Epidemic Spreading on Weighted Complex Networks
Ye Sun, Chuang Liu, Chu-Xu Zhang, Zi-Ke Zhang

TL;DR
This paper investigates how weighted complex networks influence epidemic spreading, analyzing key metrics like outbreak threshold and prevalence through theoretical and simulation methods, revealing that weight distribution impacts are minimal when average weights are fixed.
Contribution
It introduces a detailed analysis of epidemic dynamics on weighted networks considering multi-relation edges, combining theoretical and simulation approaches for comprehensive insights.
Findings
Weight distribution does not affect epidemic outcomes when average weight is fixed.
Theoretical and simulation results are in good agreement.

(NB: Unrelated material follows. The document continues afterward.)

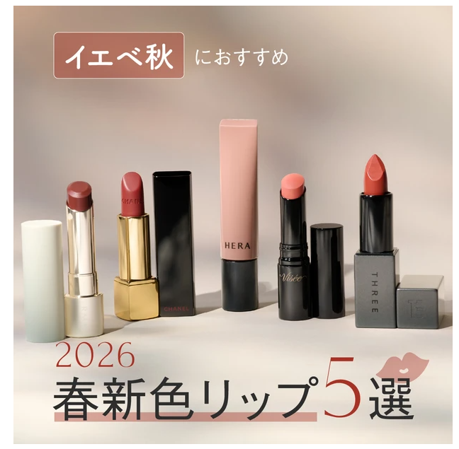 【イエベ秋におすすめ!2026年春新色リップ5選】シャネル、RMKほか人気ブランドをつけ試し!

Epidemic spreading behavior is similar across different weight distributions under certain conditions.
Abstract
Nowadays, the emergence of online services provides various multi-relation information to support the comprehensive understanding of the epidemic spreading process. In this Letter, we consider the edge weights to represent such multi-role relations. In addition, we perform detailed analysis of two representative metrics, outbreak threshold and epidemic prevalence, on SIS and SIR models. Both theoretical and simulation results find good agreements with each other. Furthermore, experiments show that, on fully mixed networks, the weight distribution on edges would not affect the epidemic results once the average weight of whole network is fixed. This work may shed some light on the in-depth understanding of epidemic spreading on multi-relation and weighted networks.